Using psycopg2 package#
Let first install the package using conda
%%sh
conda install -c anaconda psycopg2
Let’s make sure that we can import it.
import psycopg2
Now we have psycopg2
imported into our notebook. psycopg2
package manages the interaction between python and our database. So the first takeaway message here is that psycopg2 has nothing to do with jupyter notebook; rather, it’s tied to python. So we use jupyter notebook as an interactive programming environment to query in python. Later if time permits, we will talk about SQL magics,
which is a specific way of interacting with databases from jupyter notebook.

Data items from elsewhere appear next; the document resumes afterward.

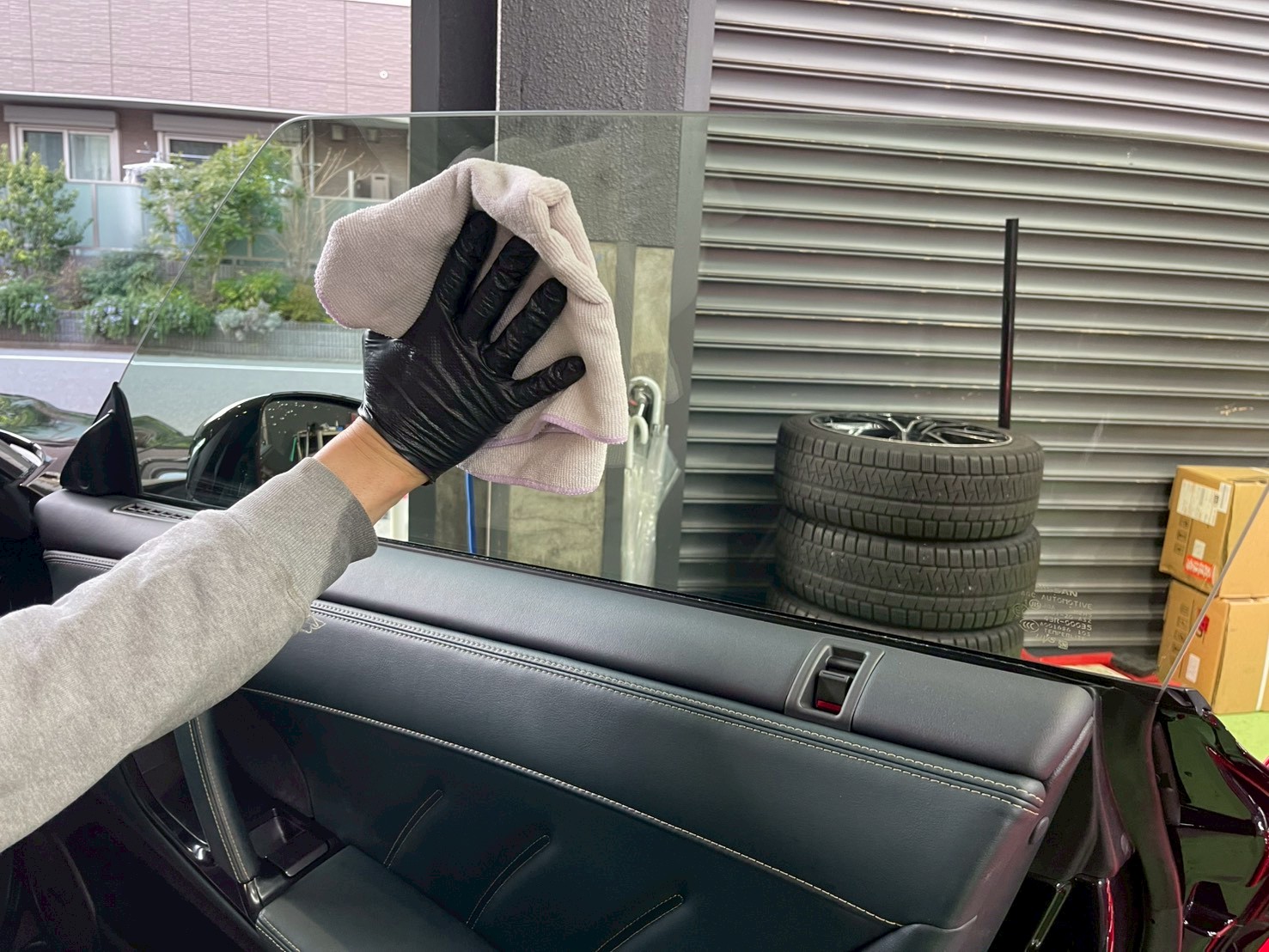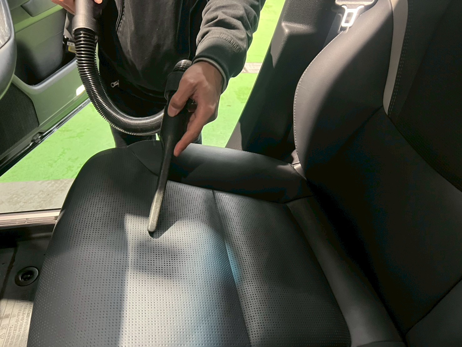 スタンダード洗車にセットになっている運転席、助手席の掃除機掛けとフロントガラスの内窓、ダッシュボードの拭き上げ
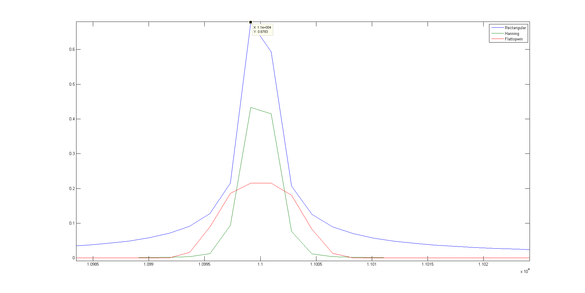 Auch versuche ich die Auswirkung der Wahl des Fensters (rectangular, hanning, flattopwin) festzustellen.
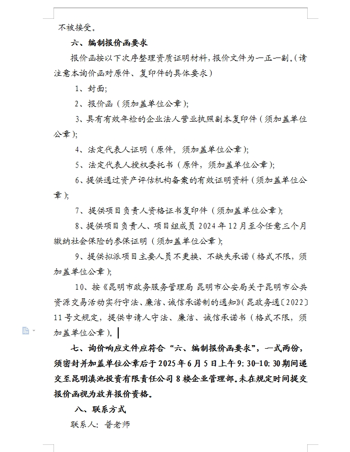 首頁>信息公開>昆明滇池投資有限責(zé)任公司選聘第三方評估服務(wù)單位詢價函

Okay! Let’s now get to the steps to connect to a database using psycopg2.
Create a connection
This connection allows communication with the database; It opens up a network connection.
Create a cursor
The cursor is an address for the memory on the database management server to say this is what we are looking at. This python object helps you execute the query and fetch the results from the database. You can read more about cursors here.
Formulate your query
Formulate the SQL query that you want to execute in the database.
Execute
Pass your query to execute() method of cursor object, run the query in the database.
Fetch/commit/rollback
The query that we performed in execute doesn’t return the query right away. To return it, we need to perform a fetch. If the query is to write something, then we need to commit it. If some transaction went wrong, then we need to roll back it.
Let’s now check out these by creating a ticker table, loading data to it, and doing some querying. Let’s first create schema import,
Note
Below you need to replace the conString
values with your host
,dbname
,user
, password
, and port
you used while creating your RDS instance.
# Create a connection
conString = {'host':'mbandtweet.xxxxx.amazonaws.com',
'dbname':'postgres',
'user':'postgres',
'password':'password',
'port':5432}
conn = psycopg2.connect(**conString)
# Create a cursor
cur = conn.cursor()
# - Formulate your query
query = """CREATE SCHEMA IF NOT EXISTS classwork"""
# - Execute
cur.execute(query)
# - commiting.
conn.commit()
In the above code we created schema import. You probably already know about it, but if you want to read more on when & why use schema, check this out. Let’s create table,
## Here we create the table tickers
cur.execute("""CREATE TABLE IF NOT EXISTS classwork.tickers(
actsymbol text PRIMARY KEY,
securityname text,
exchange text,
cqssymbol text,
etf text,
roundlotsize text,
testissue text,
nasdaqsymbol text)""")
conn.commit()
Reading data from database#
As discussed before, an execute doesn’t return the data right away, and we need to perform a fetch. There are mainly 3 flavors of fetch
fetchone
fetchmany
fetchall
query = """SELECT * FROM classwork.tickers"""
cur.execute(query)
row = cur.fetchone()
print(row)
query = """SELECT * FROM classwork.tickers"""
cur.execute(query)
row = cur.fetchmany(5)
print(row)
query = """SELECT * FROM classwork.tickers LIMIT 5"""
cur.execute(query)
row = cur.fetchall()
print(row)
Sometimes you might not need everything that is returned from a database. For example, you might want to transform each row returned from the database. In these cases fetching each row at a time will be of help.
query = """SELECT * FROM classwork.tickers LIMIT 5"""
cur.execute(query)
for rows in cur:
print(rows[1])
But in general most of the cases, you can go with fetchall, provided you write an efficient SQL query to execute and get just the columns and rows that you are interested in.
Before we move to the next topic, let me show you how rollback works. Say, for instance, your query ends up failing for some reason.
query = """SELECT * FROM classwrk.tickers LIMIT 5"""
cur.execute(query)
row = cur.fetchall()
print(row)
You realized it and corrected it.
query = """SELECT * FROM classwork.tickers LIMIT 5"""
cur.execute(query)
row = cur.fetchall()
print(row)
But this query, even though it’s correct it won’t end up going through and will get this error saying your current transaction is aborted
You need to do a rollback()
to back to the previous stable state and then execute your query.
conn.rollback()
query = """SELECT * FROM classwork.tickers LIMIT 5"""
cur.execute(query)
row = cur.fetchall()
print(row)
Important
Whenever you get an error, as we showed before, InFailedSqlTransaction: current transaction is aborted, commands ignored until end of transaction block
, make sure you do a rollback
.
Tip
It’s not a bad idea to develop your SQL query in pgadmin, toad or any other GUI interface and then bring it in once you know it’s ready.